Thought for the week - 28 February 2021

Thought for the week - 28 February 2021

Thought for the week - 28 February 2021

# Thought for the week

Thought for the week - 28 February 2021

Readings:
Genesis 17:1-7, 15-16;
Psalm 22:23-31;
Romans 4:13-25;
Mark 8:31-38

Collect:
O Christ, Son of the Living God,
who for a season laid aside the divine glory
and learned obedience through suffering:
teach us in all our afflictions to raise our eyes
to the place of your mercy
and to find in you our peace and deliverance.
This we pray in your name. Amen

 Reflection  

When I saw that Psalm 22 was set for today, my heart sank. This is the one we read on Good Friday and begins, “My God, my God, why have you forsaken me?” This wail of despair is hard enough just to read on the day, let alone prepare a reflection on it.

Obviously, I accept this is a Lenten psalm, and we are now into the second week of Lent already, so it’s good right and proper that we should be thinking about just this sort of thing. But this Lent, I’ve been thinking differently. I’ve decided that this is not the Lent to be reminded about my own suffering and affliction, about the discipline I need and deprivation I might suffer. Seems to me we’ve had quite enough of that, thank you. This Lent I’ve been reminding myself, and anyone who will listen to me, that this is preparation for spring, the season of new growth, of new beginnings, of awakening. After all, the very word “lent” originally meant just that, the season of spring.

And then I went and read the portion of the psalm set for today again. Always good to actually read the readings of the day, or at least remember them well. The beginning of the psalm is indeed etched with deep pain, and this influences our way through the story of Lent. But more than one commentator reminds readers of the gospels that Psalm 22 is a psalm of praise as much as a psalm of lament.
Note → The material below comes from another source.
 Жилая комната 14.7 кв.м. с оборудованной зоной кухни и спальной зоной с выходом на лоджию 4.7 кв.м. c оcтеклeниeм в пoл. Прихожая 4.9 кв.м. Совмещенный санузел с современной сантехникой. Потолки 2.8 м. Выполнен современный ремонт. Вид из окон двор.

As with so many psalms, this psalm does not hide from God the pain and struggle, the feelings of abandonment we may experience. This is an honest psalm and the Common English Bible’s translation of the opening words are spot on: “My God! My God, why have you left me alone?” There are a lot of people who have felt left alone this last year. People have lost jobs, work has dried up and some people have not even been able to open their businesses. Friends and family have been sick and when people have died, the grief has been compounded that we’ve not even been able to meet up to comfort each other, to cherish the memories and tell the stories of that person’s life. It’s not right. It’s not fair. So, with the psalmist we lament our grief, our loneliness, our brokenness.

But there is more to this psalm. There is a change at verse 19 which is complete by verse 23. The psalmist has shouted at God, angrily appealed to God, but now calls out, even pleads: come and rescue me, come deliver me. And finally, the psalmist discerns God’s answer. This is not a clever answer, nor is it an answer that solves the riddle of pain and suffering. It is the simple answer of God’s presence in suffering, even in death. And this is the story we tell all the way through Lent, the story of presence. The story of Easter and Pentecost … in fact the story all through the Christian year.

There is no time, there is no event, there is no place from which the presence of God is absent. We readers hear the psalmist’s abandonment, and some of us have felt that abandonment ourselves. The Lenten story tells us that this abandonment is even known by God, because Jesus knew it too. So, even out of the depths of despair comes praise to God, for God is not hidden, but very present: Lord in life and in death.